- **PROBLEM REQUIREMENTS**: What is needed is a word-for-word copy of all the entries, minus the pictures.

--- RECORD SET ---

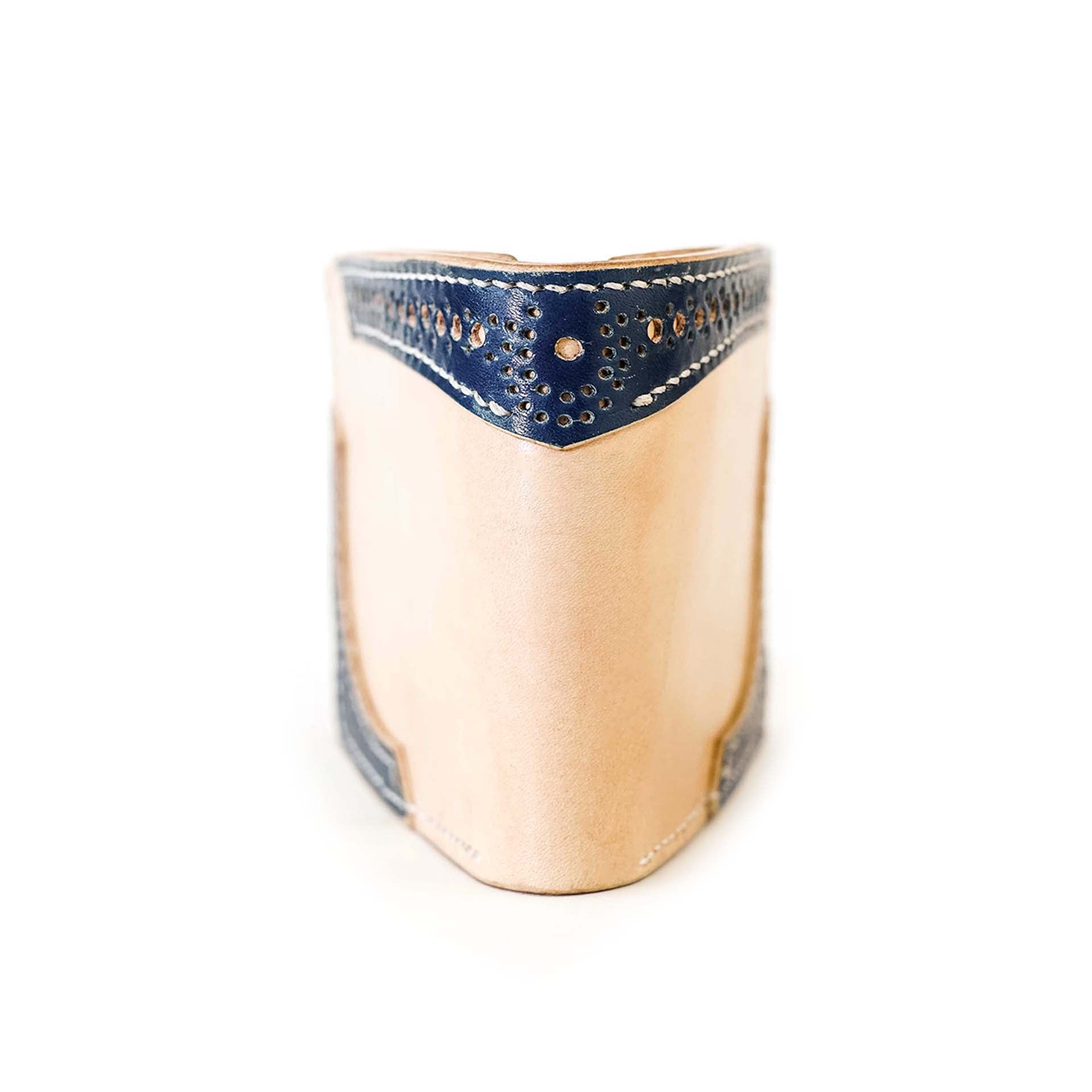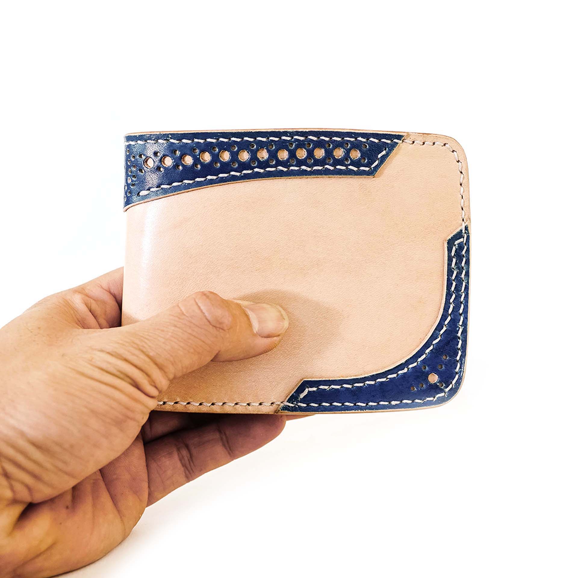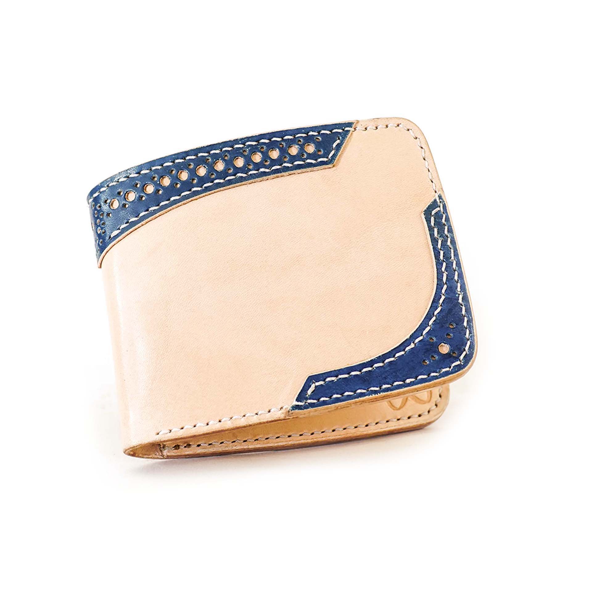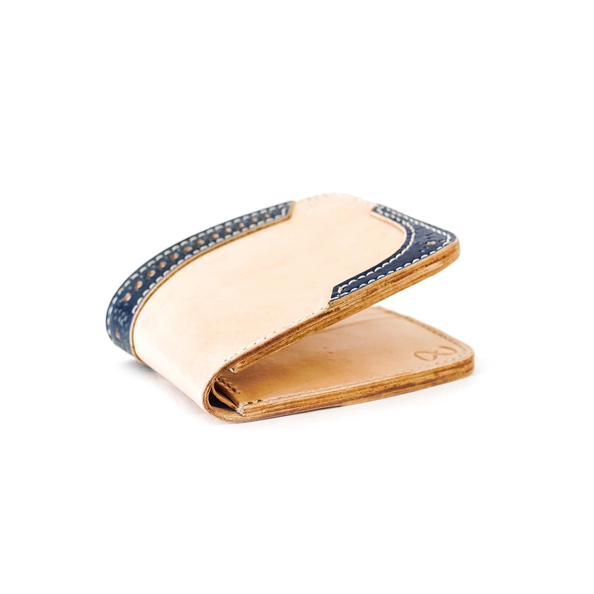 Les détails en cuir du motif richelieu ont été teints dans une teinte indigo intense. Le cuir se patinera avec le temps. Le bord est ensuite poli et ciré à la main, ce qui confère au portefeuille une finition impeccable.
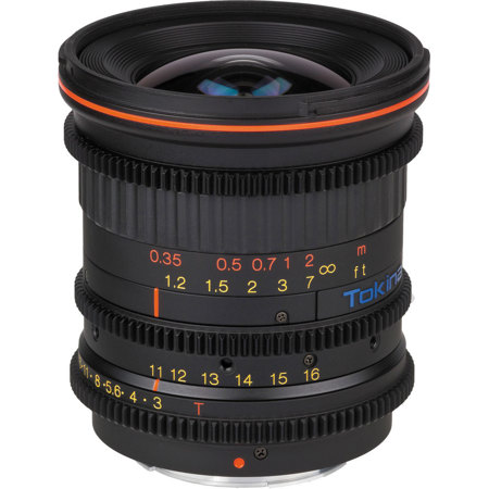 Proven ultra-wide angle optics have been converted to an 11-16 T3 cinema lens for use with APS-C, Super 35 and smaller image sensors
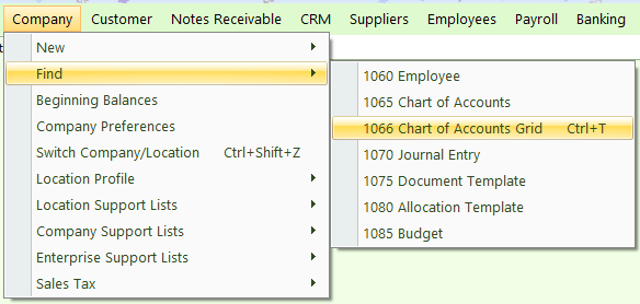 Company > Find > Chart of Accounts Grid
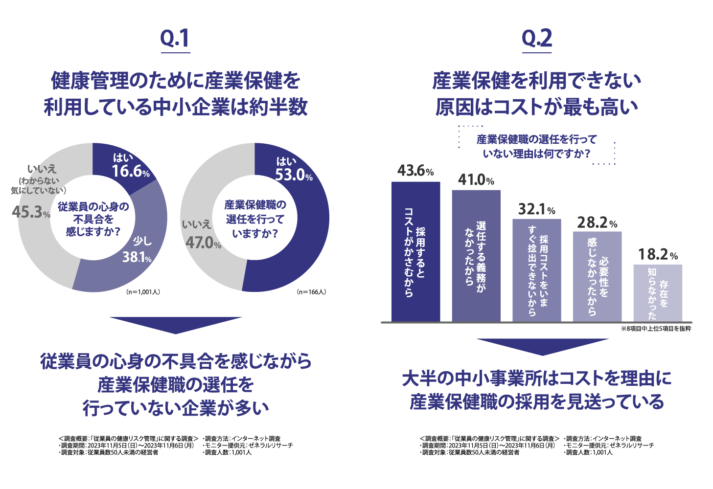 「産業保健」が十分に行えないことで健康状態が悪化してしまった結果、安全配慮義務違反を問われることも増えており、リスク管理の意味合いでも注目を集めています。
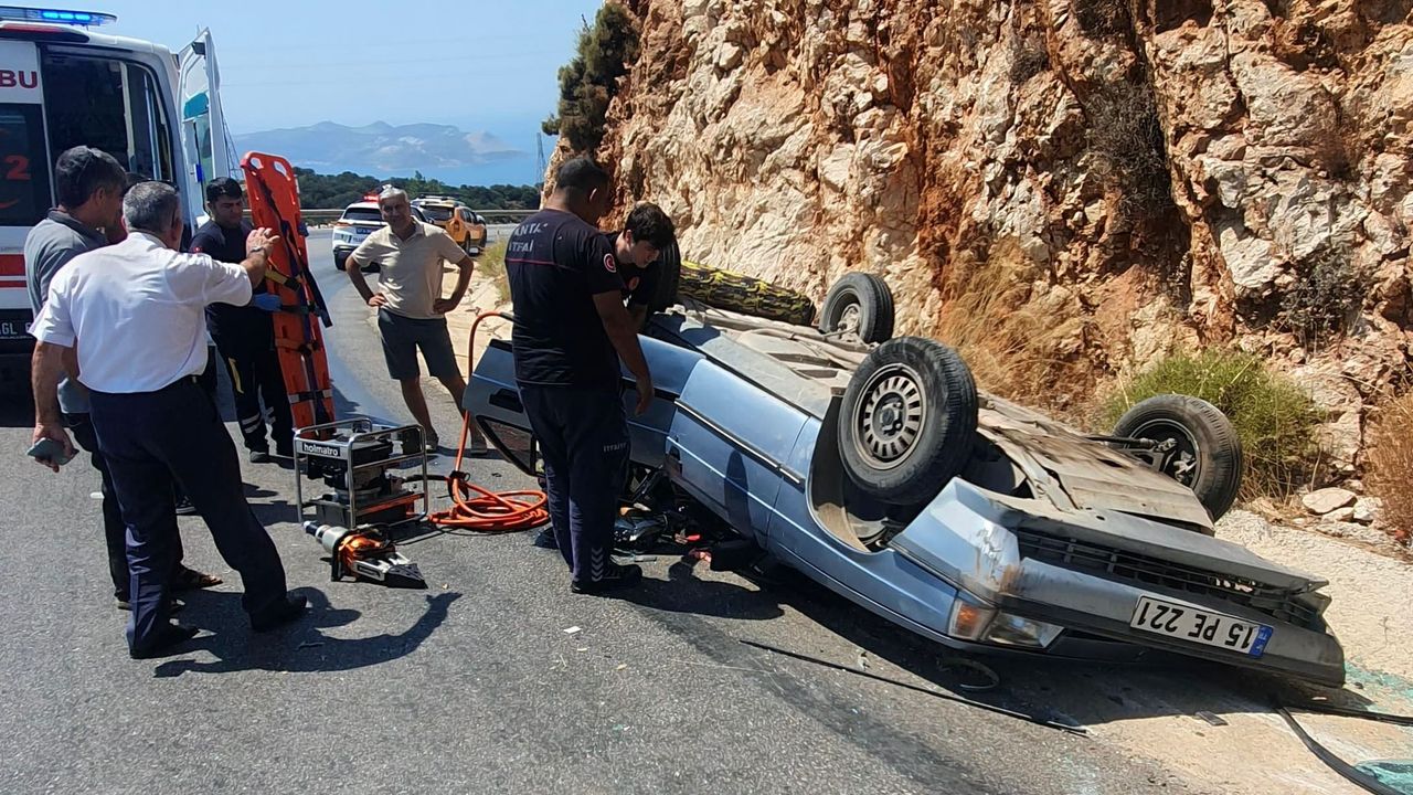 İlk müdahalesi kaza yerinde yapılan yaralı sürücü Mehmet D. ve yolcu Sevim D. sağlık ekipleri tarafından ambulanslarla Kaş Devlet Hastanesi'ne kaldırıldı.
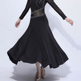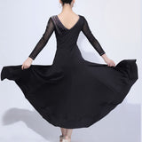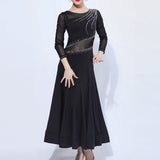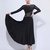 We are huge fans of this elegant ballroom dress. This dress features a boat neck, long sleeve. Made from polyester.
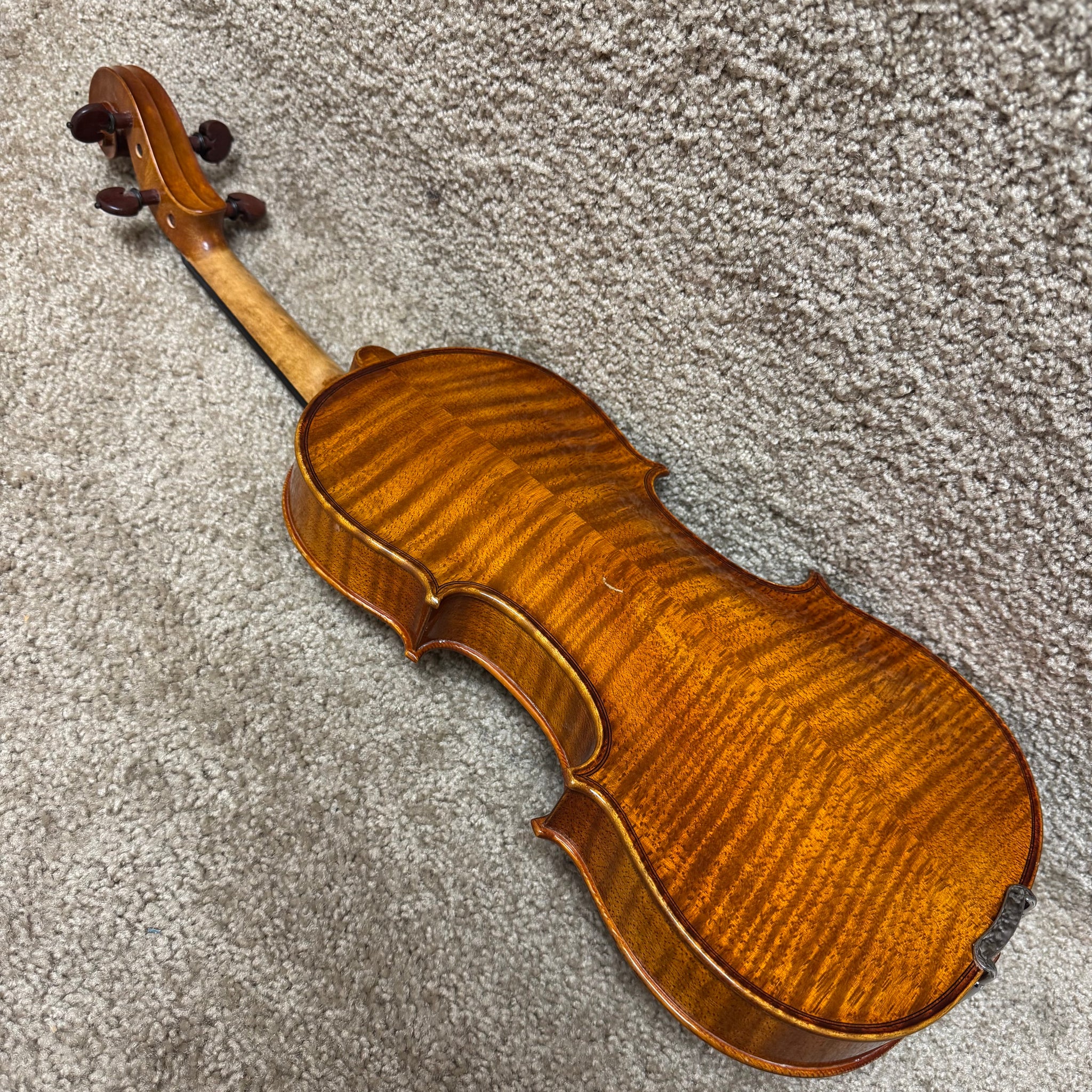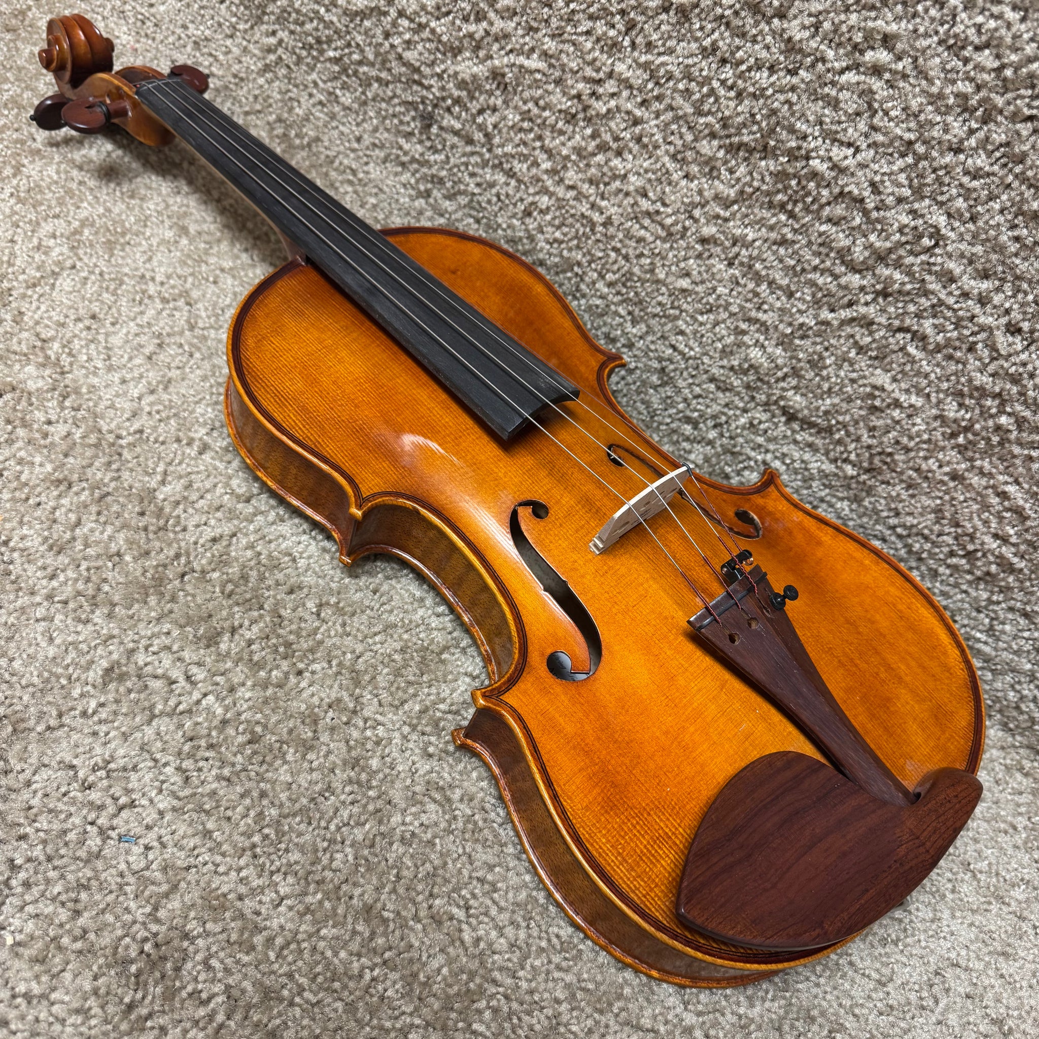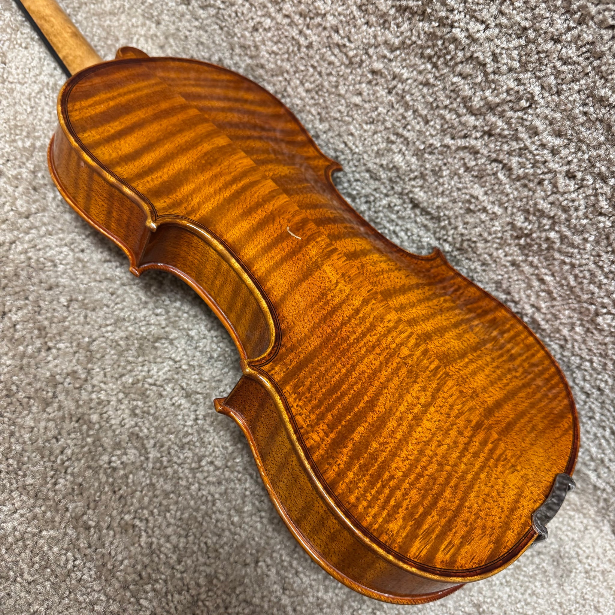 This violin does display light signs of wear. There are some scratches throughout the body and nicks around the edges which are pictured below, but please feel free to reach out with further questions.
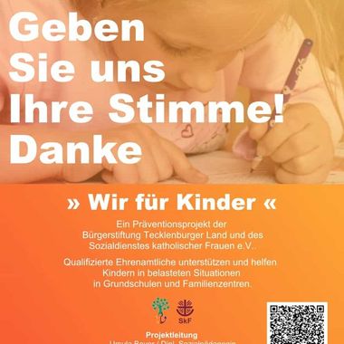 Jetzt abstimmen! Das Projekt "Wir für Kinder" ist Präventionsprojekt der Bürgerstiftung Tecklenburger Land und des Sozialdienstes katholischer Frauen.…

---

- **RESULT OF THIS TASK**:
 Les détails en cuir du motif richelieu ont été teints dans une teinte indigo intense. Le cuir se patinera avec le temps. Le bord est ensuite poli et ciré à la main, ce qui confère au portefeuille une finition impeccable.
 Proven ultra-wide angle optics have been converted to an 11-16 T3 cinema lens for use with APS-C, Super 35 and smaller image sensors
 Company > Find > Chart of Accounts Grid
 「産業保健」が十分に行えないことで健康状態が悪化してしまった結果、安全配慮義務違反を問われることも増えており、リスク管理の意味合いでも注目を集めています。
 İlk müdahalesi kaza yerinde yapılan yaralı sürücü Mehmet D. ve yolcu Sevim D. sağlık ekipleri tarafından ambulanslarla Kaş Devlet Hastanesi'ne kaldırıldı.
 We are huge fans of this elegant ballroom dress. This dress features a boat neck, long sleeve. Made from polyester.
 This violin does display light signs of wear. There are some scratches throughout the body and nicks around the edges which are pictured below, but please feel free to reach out with further questions.
 Jetzt abstimmen! Das Projekt "Wir für Kinder" ist Präventionsprojekt der Bürgerstiftung Tecklenburger Land und des Sozialdienstes katholischer Frauen.…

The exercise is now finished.